(Exercise description): Below are entries with pictures in them. Output exactly the lines starting at the line with "Фиби Прайс и" and ending at the line with "All of this", both included, but not the pictures.

(Given entries):
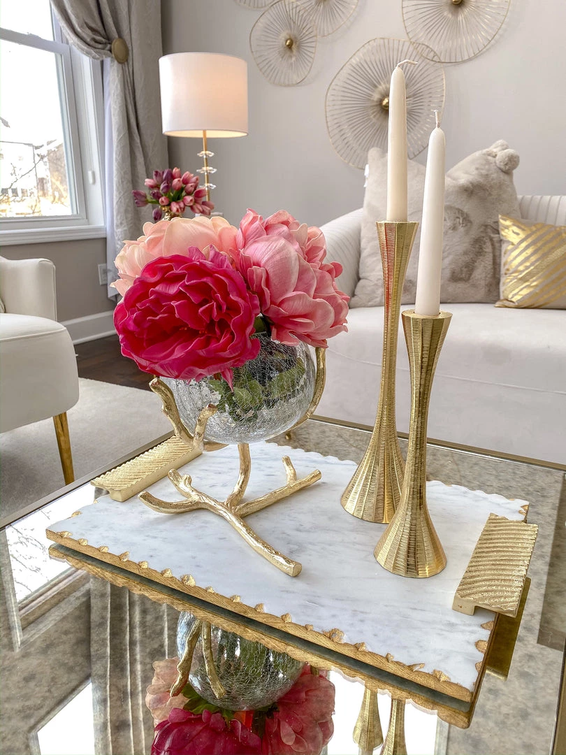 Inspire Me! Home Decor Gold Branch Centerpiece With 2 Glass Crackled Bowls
* * *
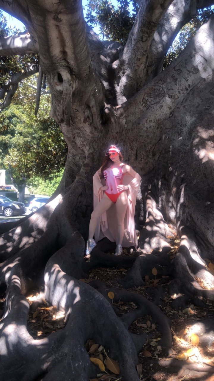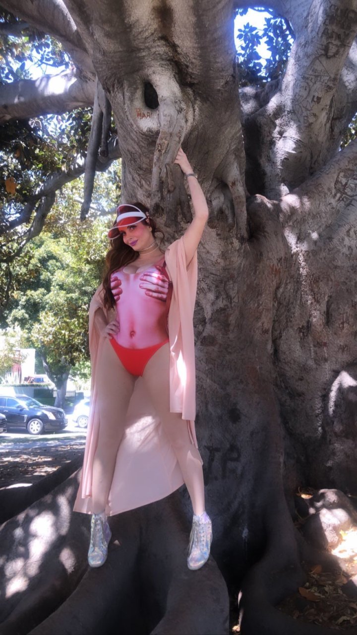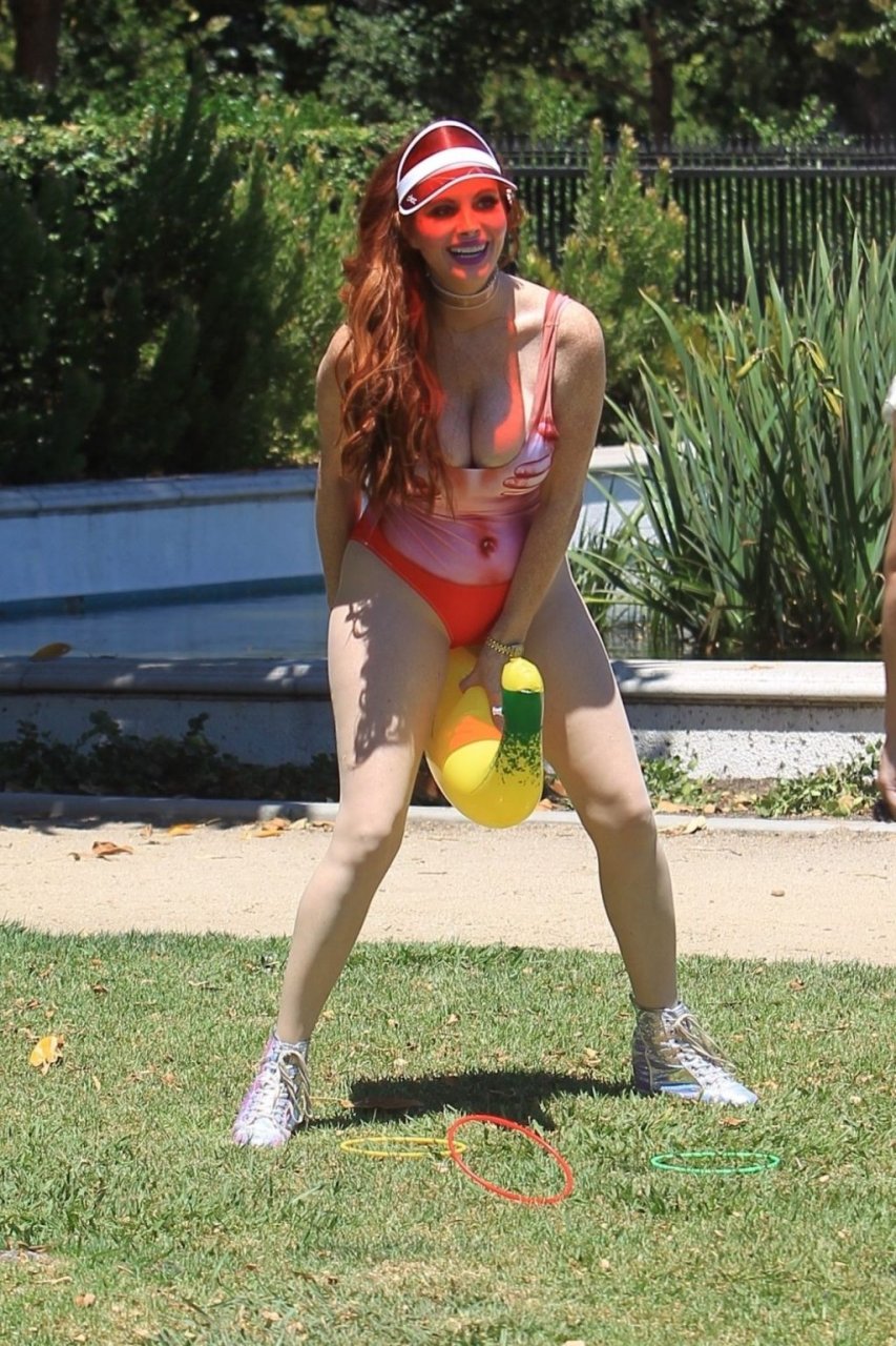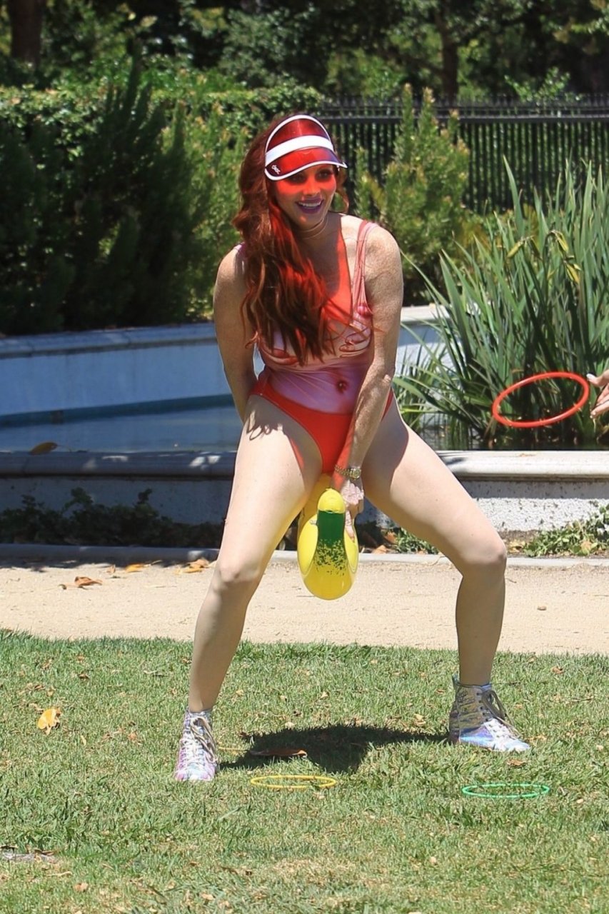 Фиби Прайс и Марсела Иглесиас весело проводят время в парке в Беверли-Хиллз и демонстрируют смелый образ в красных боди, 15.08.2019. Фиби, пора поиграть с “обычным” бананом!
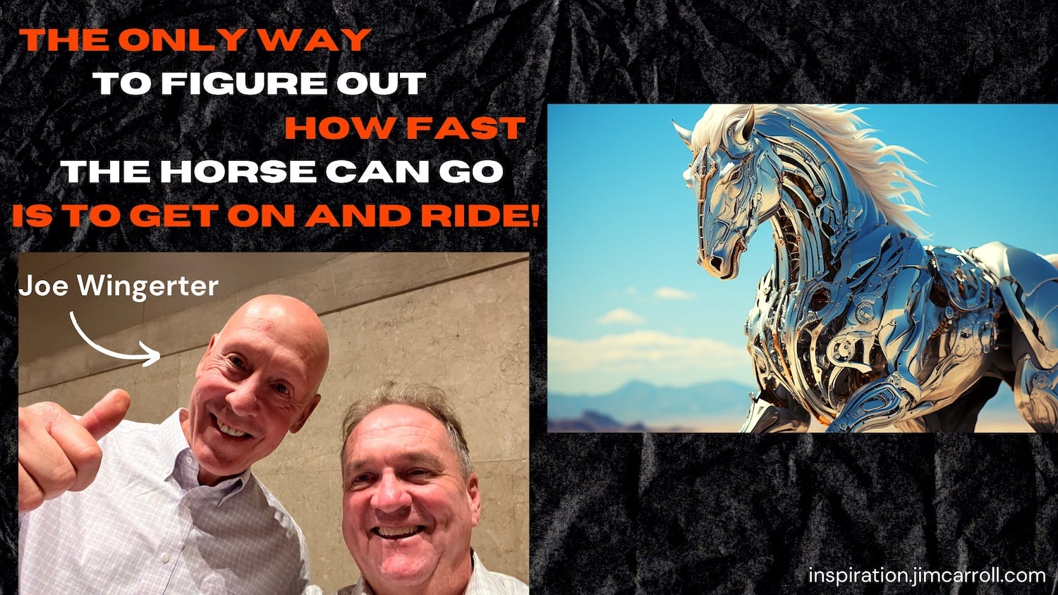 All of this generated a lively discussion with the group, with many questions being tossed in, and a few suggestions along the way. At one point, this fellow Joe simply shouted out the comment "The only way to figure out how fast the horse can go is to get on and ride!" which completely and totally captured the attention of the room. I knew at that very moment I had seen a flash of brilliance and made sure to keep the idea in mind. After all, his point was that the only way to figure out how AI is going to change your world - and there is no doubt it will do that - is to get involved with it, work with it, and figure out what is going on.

(Written answer):
 Фиби Прайс и Марсела Иглесиас весело проводят время в парке в Беверли-Хиллз и демонстрируют смелый образ в красных боди, 15.08.2019. Фиби, пора поиграть с “обычным” бананом!
 All of this generated a lively discussion with the group, with many questions being tossed in, and a few suggestions along the way. At one point, this fellow Joe simply shouted out the comment "The only way to figure out how fast the horse can go is to get on and ride!" which completely and totally captured the attention of the room. I knew at that very moment I had seen a flash of brilliance and made sure to keep the idea in mind. After all, his point was that the only way to figure out how AI is going to change your world - and there is no doubt it will do that - is to get involved with it, work with it, and figure out what is going on.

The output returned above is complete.